“L’âne culotte » est un roman d'Henri Bosco (1888-1976), publié en 1937.
Constantin Gloriot, le narrateur, raconte l'aventure qui lui est arrivée lorsqu'il avait douze ans. A cette époque, dans le village de Provence où il vit avec ses grands-parents, un âne mystérieux, surnommé l'âne Culotte par les enfants parce qu'il porte des braies en hiver, intrigue les habitants. On sait qu'il vient d'une ferme de la montagne, et sert un certain M. Cyprien dont les villageois ne parlent qu'avec crainte et méfiance. Un jour, Constantin, malgré l'interdiction de sa grand-mère, décide de suivre l'âne, qui le mène jusqu'à son maître. Il découvre alors un véritable "paradis", un verger poussé en pleine montagne, où les animaux charmés vivent sans crainte. M. Cyprien le charge de porter une branche d'amandier en fleurs au curé du village, l'abbé Chichambre. Mais, menacé par une petite fille du village, Anne-Madeleine, Constantin se voit obligé d'aller couper une seconde branche d'amandier. Il est surpris par M. Cyprien, qui lui apprend qu'il ne faut pas toucher au paradis. Dès lors, les événements se précipitent. Par Hyacinthe, la petite servante de ses grands-parents, qui connaît aussi le "paradis", Constantin découvre que, depuis sa faute, M. Cyprien a disparu, jusqu'au jour où celui-ci revient en secret et emmène avec lui Hyacinthe, qu'on ne reverra plus. Le journal de M. Cyprien, découvert et annoté par l'abbé Chichambre, et lu beaucoup plus tard par le narrateur, vient compléter l'histoire: M. Cyprien, ancien navigateur et magicien, a voulu recréer le paradis sur terre qu'il avait connu dans une île. Il devait léguer son pouvoir sur les animaux et les plantes à Constantin. Mais la faute de celui-ci l'a convaincu de l'omniprésence du mal, et l'a poussé à repartir, pour créer un nouveau paradis en compagnie d'Hyacinthe à qui il transmettra son savoir.
On a souvent classé Henri Bosco parmi les écrivains "régionalistes". Cette désignation hâtive rend bien peu compte de l'atmosphère de conte étrange qui est celle de l'âne Culotte.
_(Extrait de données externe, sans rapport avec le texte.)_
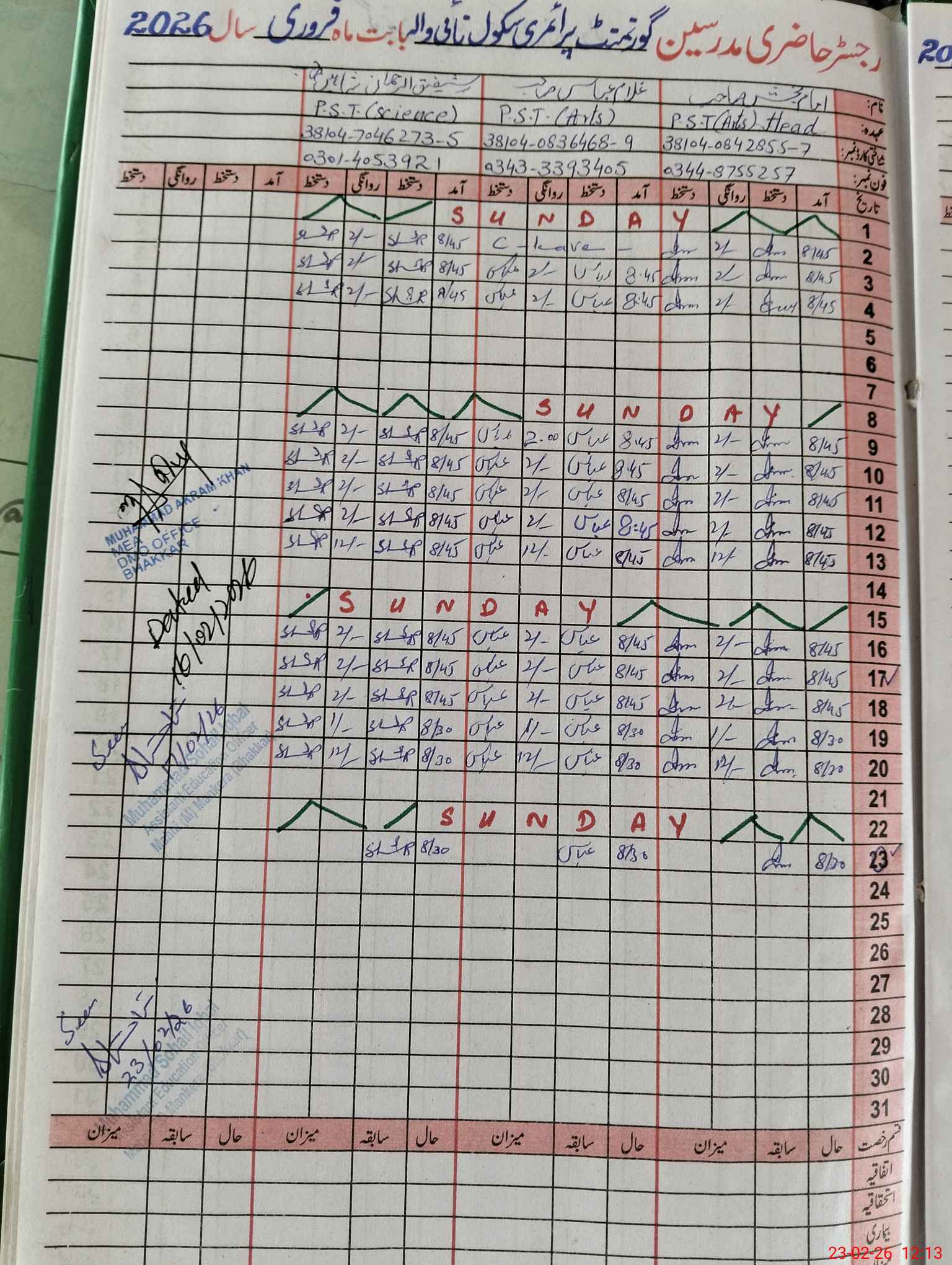 | Name: SU**** KH**** Designation: (School Headmaster's/Headmistress's) PTC/JV Phone/Cell Number: 03**** |
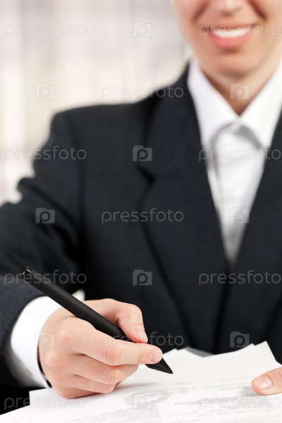 Бизнес-леди подписывает документ

Certes, c'est toute la Provence, avec ses moeurs surannées - comme la messe dite à l'occasion des premières neiges -, ses animaux et ses plantes aux noms oubliés, qui est la véritable héroïne du roman. Mais on aurait du mal à y retrouver l'image simple et bon enfant qui en est souvent présentée dans la littérature française. Cette Provence est une terre surnaturelle, où se fondent l'héritage folklorique et païen, et les légendes chrétiennes, comme en témoignent les dictons prononcés par la Péguinotte, la vieille servante des grands-parents de Constantin, mêlant conseils sur les récoltes et antiques superstitions. L'histoire de l'âne Culotte et de son maître M. Cyprien rappelle à la fois l'âne d'or d'Apulée, puisque l'animal est manifestement décrit en termes anthropomorphiques, et la Confession de saint Cyprien de Lucien, qui décrit le repentir du magicien qui croyait s'adonner à des pratiques divines alors qu'il servait le diable. On peut penser aussi à toutes les légendes proches du mythe d'Orphée, comme celle du "Charmeur de rats", puisque c'est au moyen d'une flûte magique, la Syrinx, que Cyprien exerce son étrange pouvoir sur les animaux. Cependant, à cela s'ajoute la dimension chrétienne de l'aventure: c'est le dimanche des Rameaux que l'âne Culotte emmène chez son maître M. Cyprien le jeune Constantin juché sur son dos à l'instar du Christ entrant dans Jérusalem. Mais l'enfant, loin d'annoncer un nouveau règne du paradis, est celui-là même qui, en cédant aux menaces d'Anne-Madeleine, et à un obscur besoin de violer la loi, introduit le désordre dans le domaine préservé de M. Cyprien.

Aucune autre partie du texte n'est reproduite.